Notice we’re using the images field to send the base64-encoded audio. As of the time of writing this, this is the only way to use multimodal inputs with Ollama. Neither audio nor input_audio is supported.

Now it’s time for the final test. This time, the fixture is the famous opening lines by Adam Mickiewicz:

Litwo, Ojczyzno moja! ty jesteś jak zdrowie;
Ile cię trzeba cenić, ten tylko się dowie,
Kto cię stracił. Dziś piękność twą w całej ozdobie
Widzę i opisuję, bo tęsknię po tobie.

sag produces a ~15-second clip out of it.

I had to disable thinking for this clip because the model could not stop after several minutes on my M2 MacBook Air.

AUDIO_B64=$(base64 -i /tmp/gemma4-12b-asr-polish/litwo-ojczyzno-moja-16k-mono.wav | tr -d '\n')
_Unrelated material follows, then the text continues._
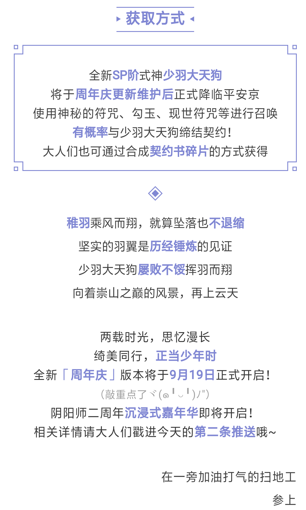 阴阳师周年庆 ——云天之志,少羽大天狗即将登场!

jq -n --arg audio "$AUDIO_B64" '{
  model: "gemma4:12b",
  stream: false,
  think: false,
  options: {
    num_ctx: 8192,
    num_predict: 1024
  },
  messages: [{
    role: "user",
    content: "Listen to the attached audio and write the exact Polish words spoken. Do not translate. Preserve Polish spelling, diacritics, capitalization, and punctuation. Return only the Polish transcript.",
    images: [$audio]
  }]
}' | curl -sS http://127.0.0.1:11434/api/chat -H 'Content-Type: application/json' -d @- | jq -r .message.content

Prints:

Litfoj czs no ma, ty jests jak zdrowie, i lecz trzeba cenić, ten tylko se dowje kto cz straciu. Dżisz pęngnost dwonw czalej ozdobie widze i opisuje. Bo tenskne potens nie potolisz.

:sadpanda:

I’m not even going to compute standard ASR metrics like WER/CER here because the output is plainly unusable.
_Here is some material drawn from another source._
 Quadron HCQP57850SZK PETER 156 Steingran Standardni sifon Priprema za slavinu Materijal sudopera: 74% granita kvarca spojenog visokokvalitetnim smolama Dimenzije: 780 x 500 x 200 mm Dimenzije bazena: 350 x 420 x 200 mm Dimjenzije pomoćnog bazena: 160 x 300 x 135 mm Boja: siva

Let me just leave Whisper here for comparison:

> whisper /tmp/gemma4-12b-asr-polish/litwo-ojczyzno-moja-16k-mono.wav \
    --model large-v3-turbo \
    --language Polish \
    --task transcribe \
    --output_format txt \
    --output_dir /tmp/gemma4-12b-asr-polish \
    2>/dev/null

[00:00.000 --> 00:03.660]  Litwo, ojczyzno moja, Ty jesteś jak zdrowie.
[00:04.340 --> 00:08.240]  Ile Cię trzeba cenić, ten tylko się dowie, kto Cię stracił.
[00:09.480 --> 00:14.960]  Dziś piękność Twą w całej ozdobie widzę i opisuję, bo tęsknię po Tobie.